If you encounter issues while downloading the Catalyst package, try uninstalling and installing:

uv pip uninstall ragaai-catalyst

uv pip install ragaai-catalyst

Observing a Workflow with NVIDIA Data Flywheel

This guide provides a step-by-step process to enable observability in a NVIDIA NeMo Agent toolkit workflow that exports runtime traces to an Elasticsearch instance that is part of the NVIDIA Data Flywheel Blueprint. The Data Flywheel Blueprint can then leverage the traces to fine-tune and evaluate smaller models which can be deployed to replace the original model to reduce latency.

The Data Flywheel integration supports LangChain/LangGraph-based workflows with nim and openai LLM providers and can be enabled with just a few lines of configuration.

Supported Framework and Provider Combinations

The Data Flywheel integration currently supports LangChain (as used in LangChain pipelines and LangGraphs) with the following LLM providers:

  • _type: openai - OpenAI provider

  • _type: nim - NVIDIA NIM provider

The integration captures LLM_START events for completions and tool calls when using these specific combinations. Other framework and provider combinations are not currently supported.

Step 1: Prerequisites

Before using the Data Flywheel integration, ensure you have:

  • NVIDIA Data Flywheel Blueprint deployed and configured

  • Valid Elasticsearch credentials (username and password)

Step 2: Install the Data Flywheel Plugin

To install the Data Flywheel plugin, run the following:

uv pip install -e '.[data-flywheel]'

Step 3: Modify Workflow Configuration

Update your workflow configuration file to include the Data Flywheel telemetry settings:

general:
  telemetry:
    tracing:
      data_flywheel:
        _type: data_flywheel_elasticsearch
        client_id: my_nat_app
        index: flywheel
        endpoint: ${ELASTICSEARCH_ENDPOINT}
        username: elastic
        password: elastic
        batch_size: 10

This configuration enables exporting trace data to NVIDIA Data Flywheel via Elasticsearch.

Configuration Parameters

The Data Flywheel integration supports the following core configuration parameters:

Parameter

Description

Required

Example

client_id

Identifier for your application to distinguish traces between deployments

Yes

"my_nat_app"

index

Elasticsearch index name where traces will be stored

Yes

"flywheel"

endpoint

Elasticsearch endpoint URL

Yes

"https://elasticsearch.example.com:9200"

username

Elasticsearch username for authentication

No

"elastic"

password

Elasticsearch password for authentication

No

"elastic"

batch_size

Size of batch to accumulate before exporting

No

10

Step 4: Run Your Workflow

Run your workflow using the updated configuration file:

nat run --config_file config-data-flywheel.yml --input "Your workflow input here"

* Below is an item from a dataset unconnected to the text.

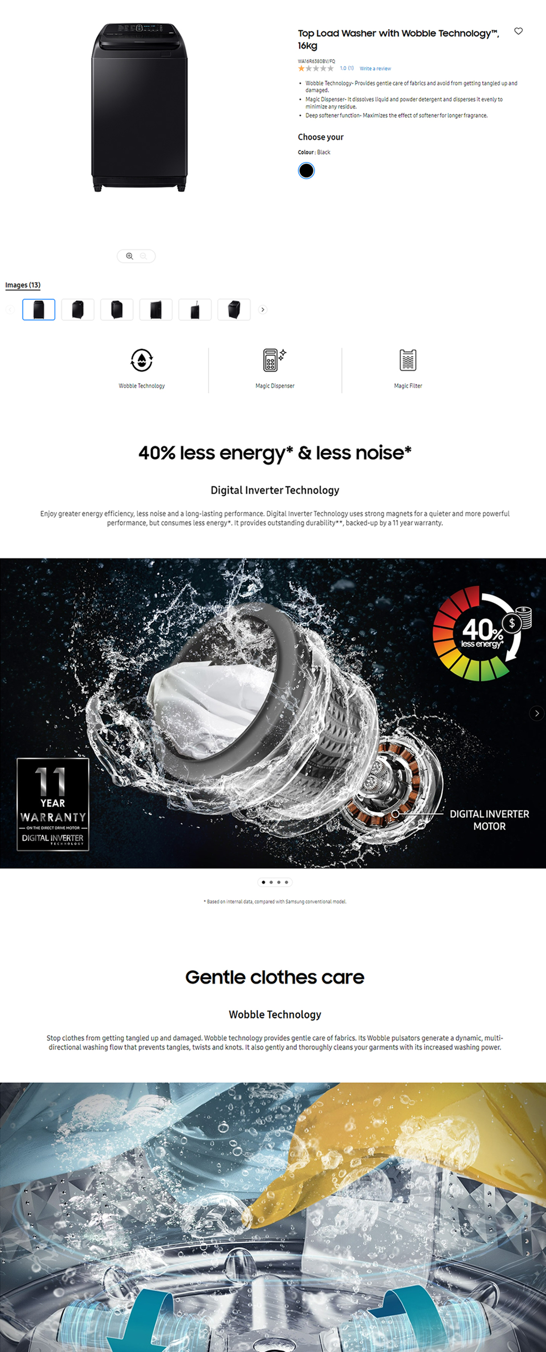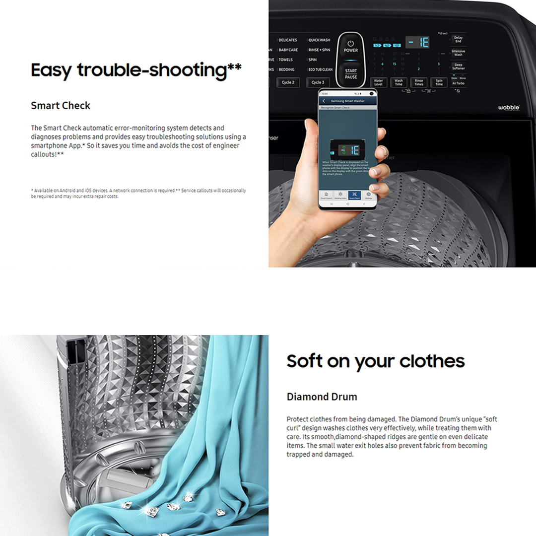 SAMSUNG 16KG Top Load Inverter Washing Machine WA16R6380BV/FQ | Wobble Technology | Magic Dispenser | Deep softener function | Washing Machine with 1 Year General & 11 Year Motor Warranty

Step 5: Monitor Trace Export

As your workflow runs, traces will be automatically exported to Elasticsearch in batches. You can monitor the export process through the NeMo Agent toolkit logs, which will show information about successful exports and any errors.

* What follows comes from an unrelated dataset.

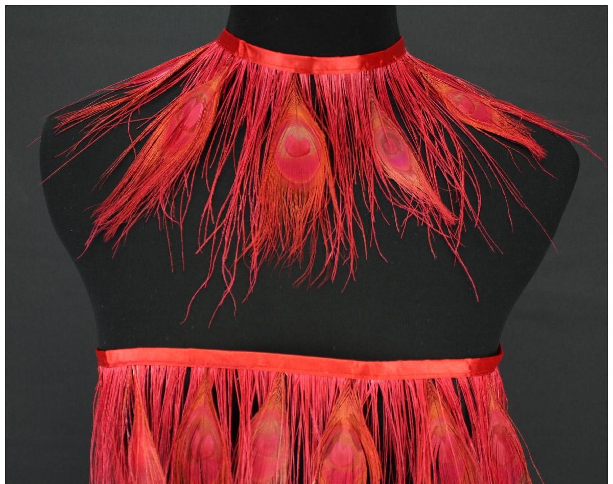Conjunto de adereços vermelhos de penas com detalhes de pavão num manequim preto

Step 6: Access Data in Data Flywheel

Once traces are exported to Elasticsearch, they become available in the NVIDIA Data Flywheel system for:

  • LLM distillation and optimization

  • Performance analysis and monitoring

  • Training smaller, more efficient models

  • Runtime optimization insights

Advanced Configuration

Workload Scoping

The Data Flywheel integration uses workload identifiers to organize traces for targeted model optimization. Understanding how to scope your workloads correctly is crucial for effective LLM distillation.

Default Scoping Behavior

By default, each trace receives a Data Flywheel workload_id that maps to the parent NeMo Agent toolkit registered function. The combination of client_id and workload_id is used by Data Flywheel to select data as the basis for training jobs.

Custom Scoping with @track_unregistered_function

For fine-grained optimization, you can create custom workload scopes using the @track_unregistered_function decorator. This is useful when a single registered function contains multiple LLM invocations that would benefit from separate model optimizations.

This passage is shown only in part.